雪が降っている


 

冬休み、いとこたちの山奥での滞在。出発の朝はいつものように、私が一番に起きる。静かな家で過ごすこのひとときが最高に心地いい。コーヒーを淹れて、談話室の窓から山頂を眺めながら、ぼんやりと空想にふける。

ただし、ここではすべてが真っ白で、山頂だけでなく周囲や谷全体が 20 cm の雪に覆われています。

ああ、帰りの区間列車は本当に運行しているのだろうか?駅で降りて乗れるだろうか?除雪車が線路を除雪する時間はあるだろうか?もし区間列車が遅れたら、TGVへの乗り継ぎに間に合わない。それに明日は仕事で、ラジオの生放送がある。

さあ、私の脳は超ストレス。すぐに落ち着かせなければ、今日はひどい日になるでしょう。

それで私は、また降り始めた雪を眺めながら、在来線は…、高速列車は…、除雪車は…と考えていた。

その時、皆が部屋に集まり始め、「なんて美しいんだ!」と叫びました。確かに美しかったのですが、出発当日でなければよかったと思いました。すると妻も「こんなに美しいの、見た?」と声を掛けてきました。「ええ、見たけど、都合が悪かったんです」と答えると、妻は「心配しないで。少し楽しんで。出発まであと3時間もあるし」と答えました。

ふぅ… 主張しないほうがいいような気がする。そうしないとみんなにからかわれるから(「ストレスのたまった精神科医!」)。

まあ、彼らの言う通りだ。心配しても無駄だ。雪は止まない。それは分かっている。ただ、今はそれを信じるしかない。ある考えを理性的に受け入れることと、感情的に受け入れることって違う。

でも、やり方は分かっている。だから、やるんだ。

まず、呼吸を整えて体を落ち着かせます。それから、「電車に乗り遅れる」といった考えは仮説であり、確信ではないことを自分に言い聞かせます。そして最後に、心地よい感情を自分の中に育みます。この最後のポイントは簡単です。窓際のアームチェアに腰掛け、景色を眺めるだけです。

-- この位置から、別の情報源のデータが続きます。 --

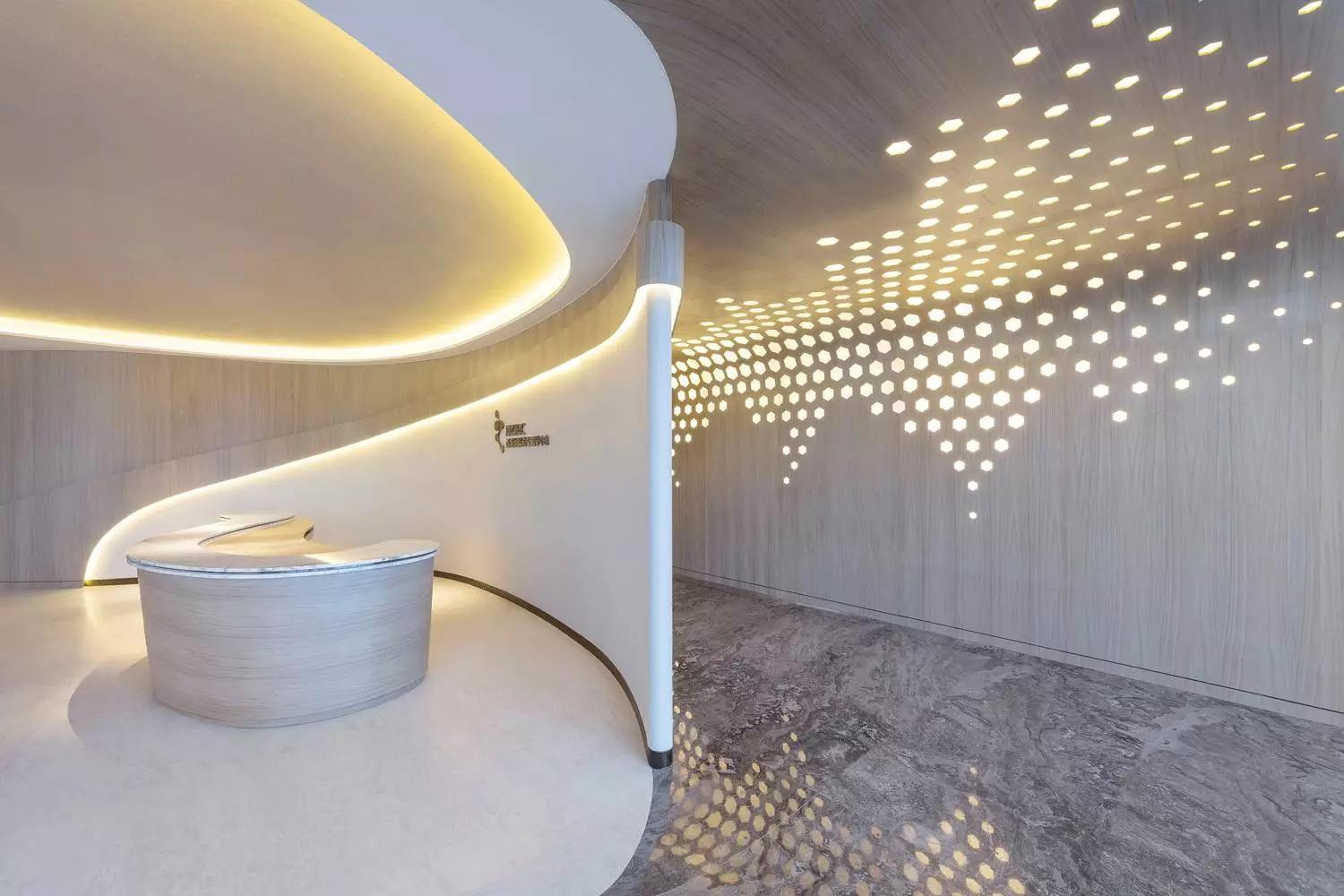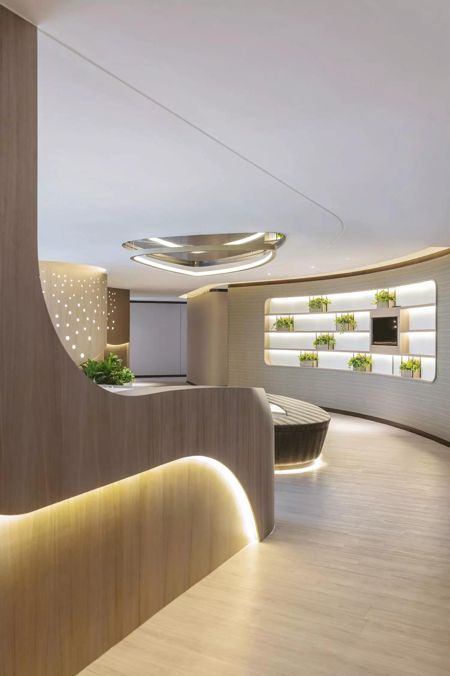 這一切該歸功于大自然的靈感,醫(yī)療中心的正門萃取最純然的木材,配合溫暖的燈光分布,隨著流線形的空間引導訪客步進全開放的接待處。
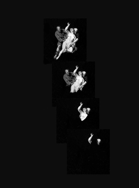 La Video installation de Douglas Gordon, 24 Hour Psycho (1993), présentée initialement à Oxford, une projection extrêmement ralentie de Psycho, met en évidence le mécanisme hitchcockien : le film étant étiré sur une journée, la lenteur hypnotique permet de disséquer la moindre attitude, de démonter le mécanisme de la tension, de la violence et de la terreur. Aimé Agnel évoque dans un essai « le temps très lent, quasi méticuleux, de ce film, par le seul jeu des images et du son [3]. » La saisie numérique du parcours fébrile de la main de Bates avant de s’emparer de la clé fatidique du piège à voyageuses(28’42 à 49, visuel 9) ou la captation de la Suzanne de Mieris progressivement engloutie par l’ombre de Norman, délivrant un noir profond qui annonce l’ensevelissement, relèvent d’une même intention (44’01 à 02, visuel 14, séquence subliminale )
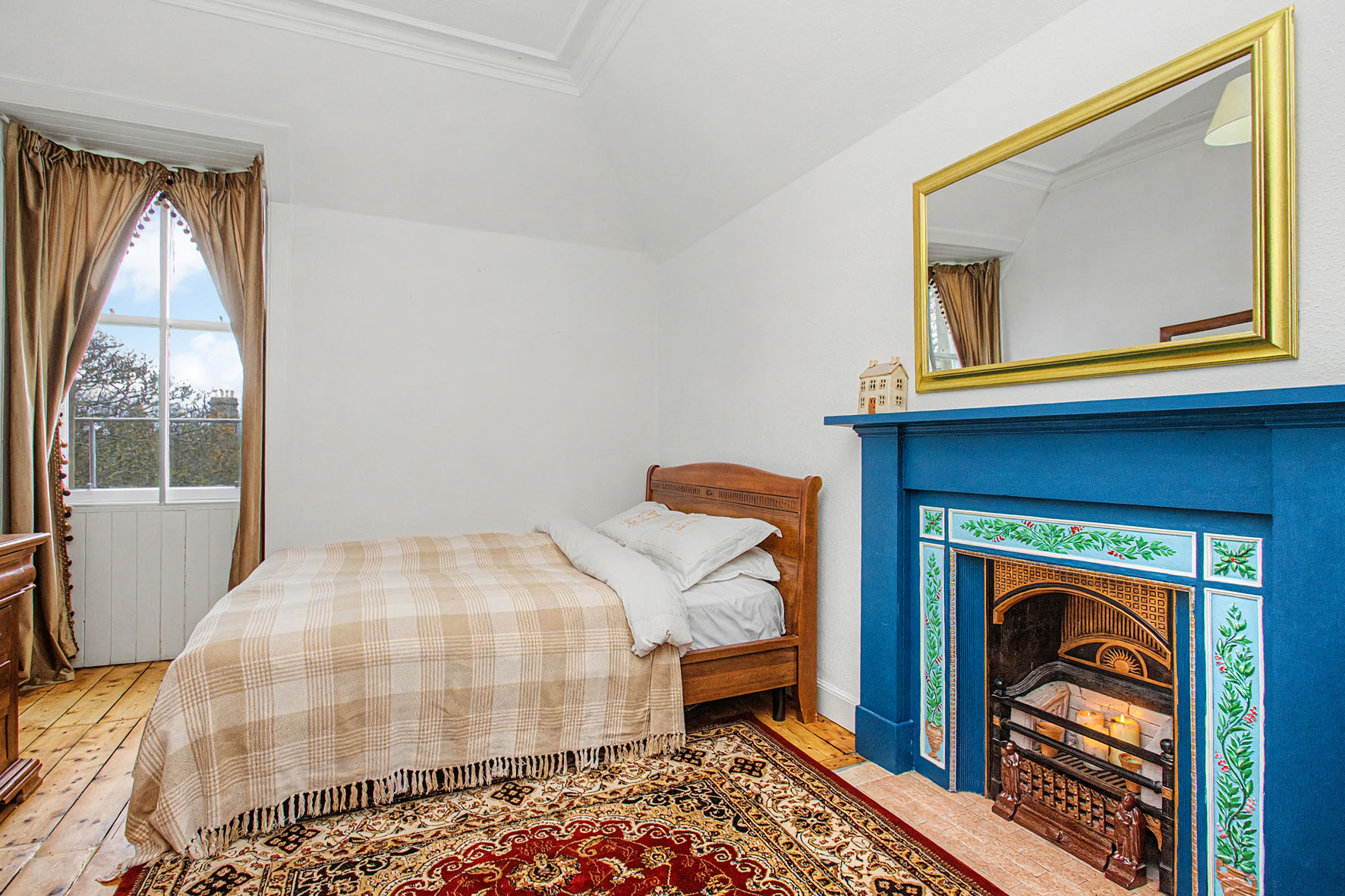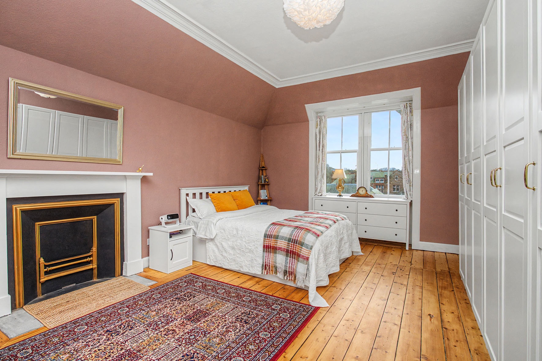 Meanwhile, the three double bedrooms all enjoy attractive décor and wooden floorboards. The south-facing principal bedroom boasts a very large footprint, as well as built-in storage and a feature fireplace.

確かに、降り積もる雪は壮観だ。周りの人たちは朝食のテーブルを囲んでいて、私のことはすっかり忘れている。私は隅っこで、静かに、そして注意深く、心を落ち着かせる作業に取り組んでいた。30分後、ようやく効果が現れてきた。効いてきたのを感じる。静かに呼吸をし、どうなるか見てみよう、何が起きても大したことじゃない、と自分に言い聞かせる。今回は前とは違って、信じられる。

私の脳もそんな感じで、努力なしに喜びや軽やかさを与えてくれることはほとんどない。無理やりそうさせるしかない。でも、私はそれを許している。脳は他にもたくさんの楽しいものを与えてくれるから。

結局どうなったんですか?

雪は止み、電車は定刻通り、その日の夕方にはパリに到着していました。そこで眠りに落ちながら、静かに降り積もる雪の美しさに思いを馳せていました…

 

イラスト: 「故郷では雪が降りすぎたので、友達と一緒に暖かい太陽の下で時間を過ごしに来ました...」(不幸なバイキングの戦士たち)。

追記:このコラムはもともとPsychologies Magazine2025年2月に掲載されました。